- Task item -
Quote the records in full and leave their pictures out.

- Dataset entries -

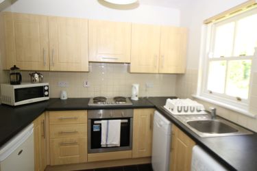 Kitchen area with tiled floor, fitted units and counter top 3.70 m x 2.70 m
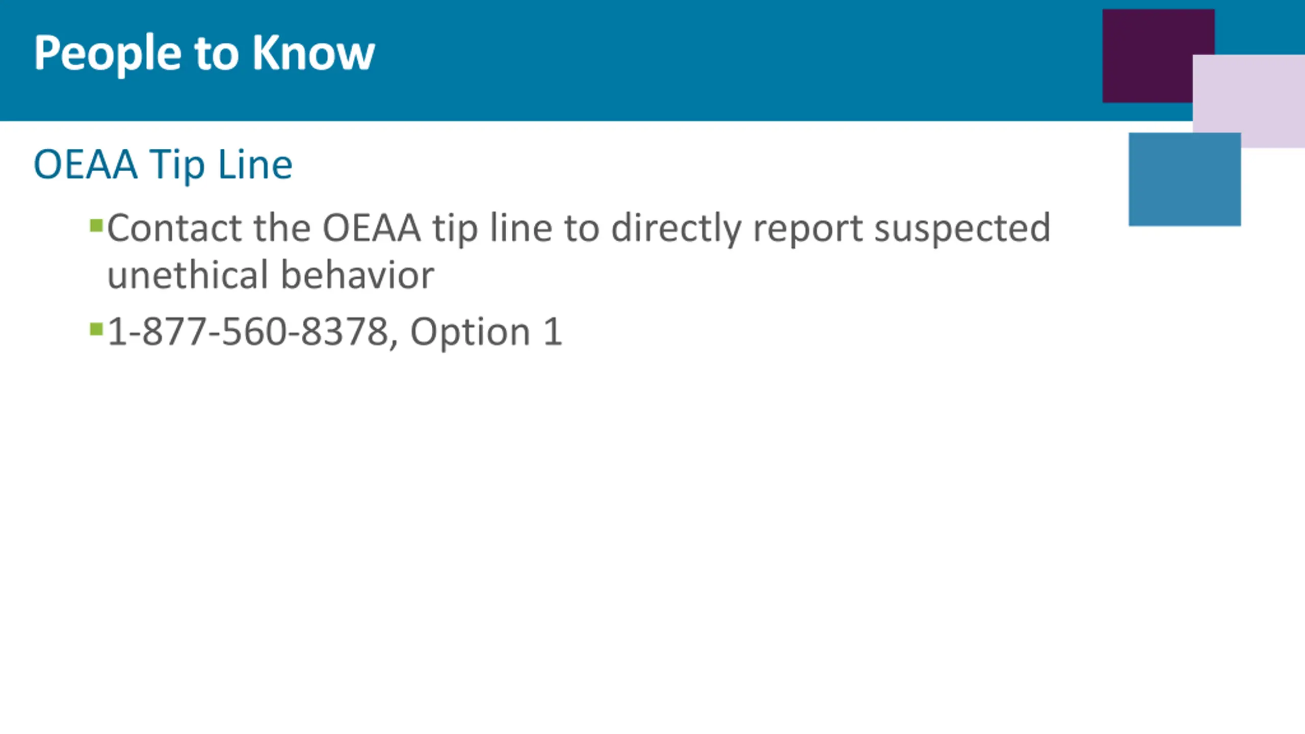People to Know 4 OEAA Tip Line Contact the OEAA tip line to directly report suspected unethical behavior 1-877-560-8378, Option 1
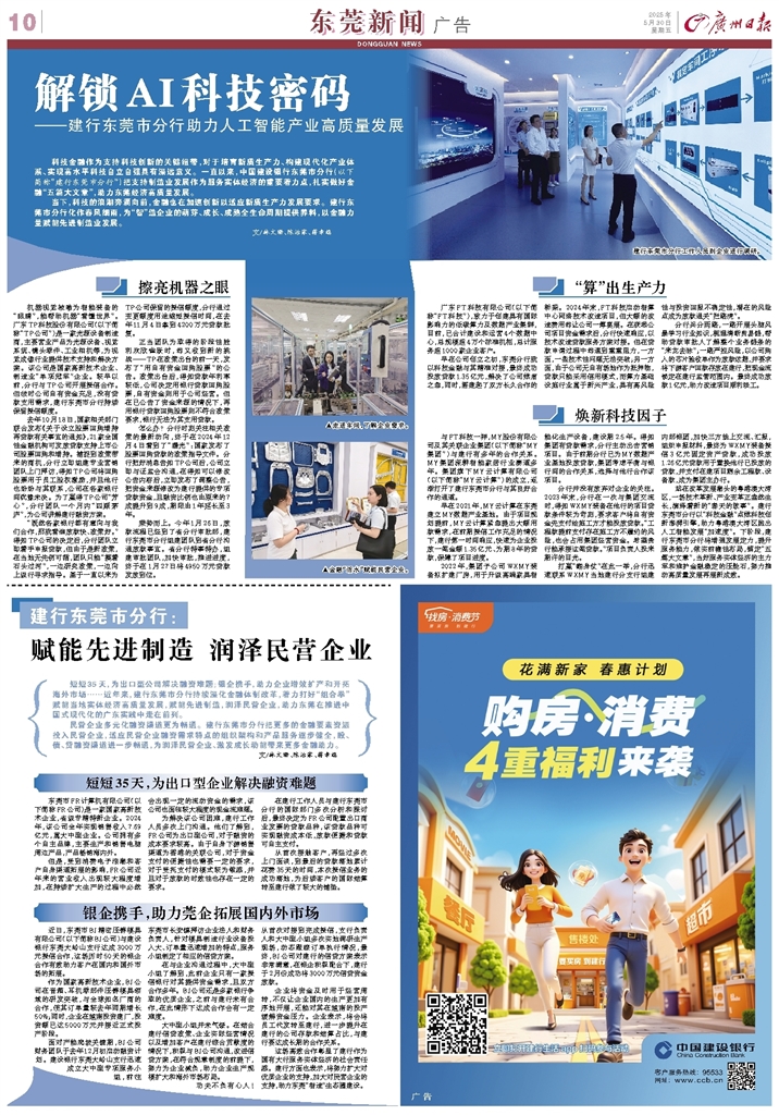 当下,科技的浪潮奔涌向前,金融也在加速创新以适应新质生产力发展要求。建行东莞市分行化作春风细雨,为“智”造企业的萌芽、成长、成熟全生命周期提供养料,以金融力量赋能先进制造业发展。
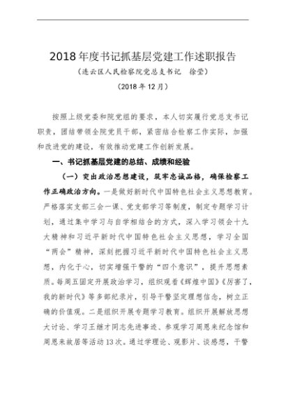 / 述职报告:2018年度书记抓基层党建工作述职报告(检察院)
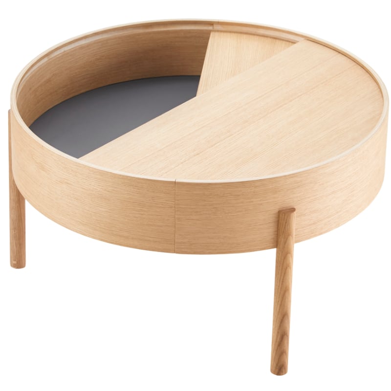 The WOUD Arc Coffee Table takes its name from the mathematical concept of a smooth curve joining two points in a circle. The ARC table invites its user to make use of the simple functionalities, use one finger to turn the upper tabletop. Let it be open with your favorite objects on display or close the lid to conceal contents. The surface on the inside storage space is covered with a smooth nano-laminate to complement the wood wood while the three-legged construction adds a playful and light touch to the geometric shaped design.
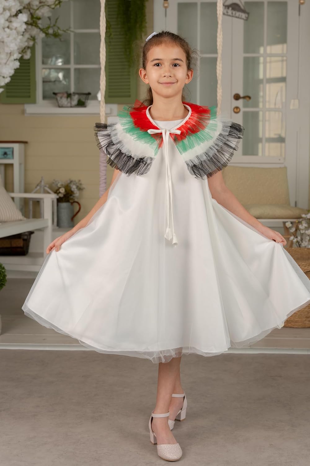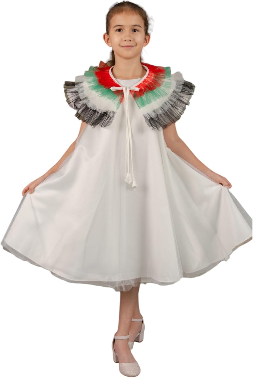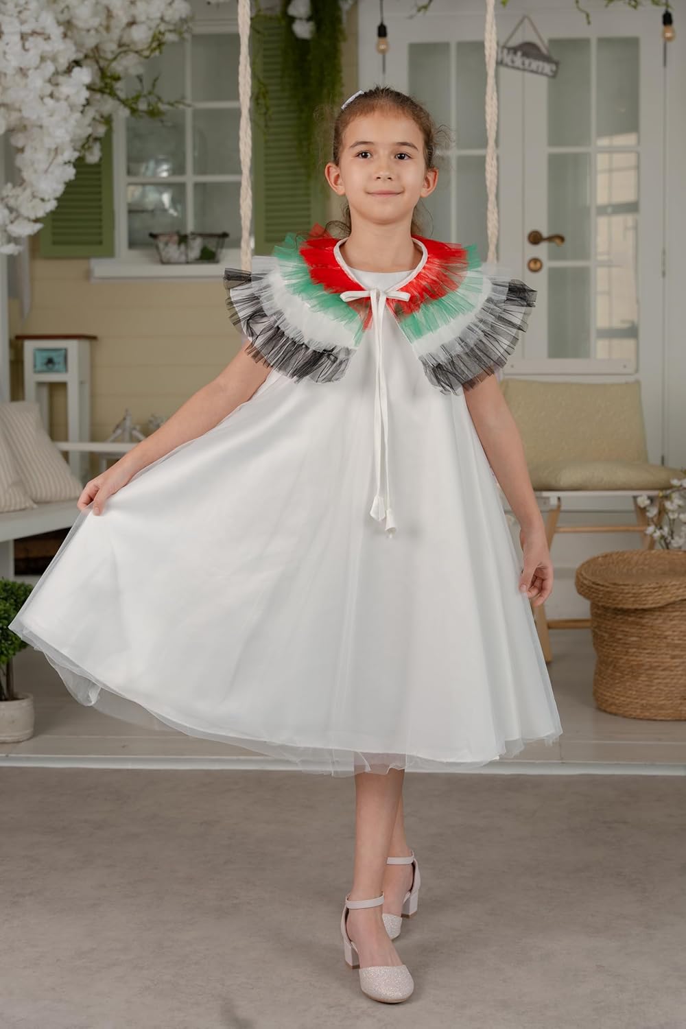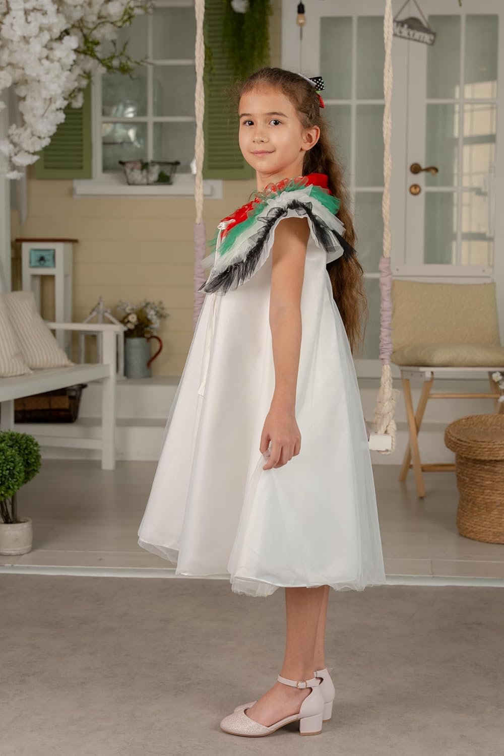 فستان بتصميم علم الامارات العربية المتحدة والعيد للبنات، فستان تول مع ريش ملون

- Solution for this exercise -
 Kitchen area with tiled floor, fitted units and counter top 3.70 m x 2.70 m
People to Know 4 OEAA Tip Line Contact the OEAA tip line to directly report suspected unethical behavior 1-877-560-8378, Option 1
 当下,科技的浪潮奔涌向前,金融也在加速创新以适应新质生产力发展要求。建行东莞市分行化作春风细雨,为“智”造企业的萌芽、成长、成熟全生命周期提供养料,以金融力量赋能先进制造业发展。
 / 述职报告:2018年度书记抓基层党建工作述职报告(检察院)
 The WOUD Arc Coffee Table takes its name from the mathematical concept of a smooth curve joining two points in a circle. The ARC table invites its user to make use of the simple functionalities, use one finger to turn the upper tabletop. Let it be open with your favorite objects on display or close the lid to conceal contents. The surface on the inside storage space is covered with a smooth nano-laminate to complement the wood wood while the three-legged construction adds a playful and light touch to the geometric shaped design.
 فستان بتصميم علم الامارات العربية المتحدة والعيد للبنات، فستان تول مع ريش ملون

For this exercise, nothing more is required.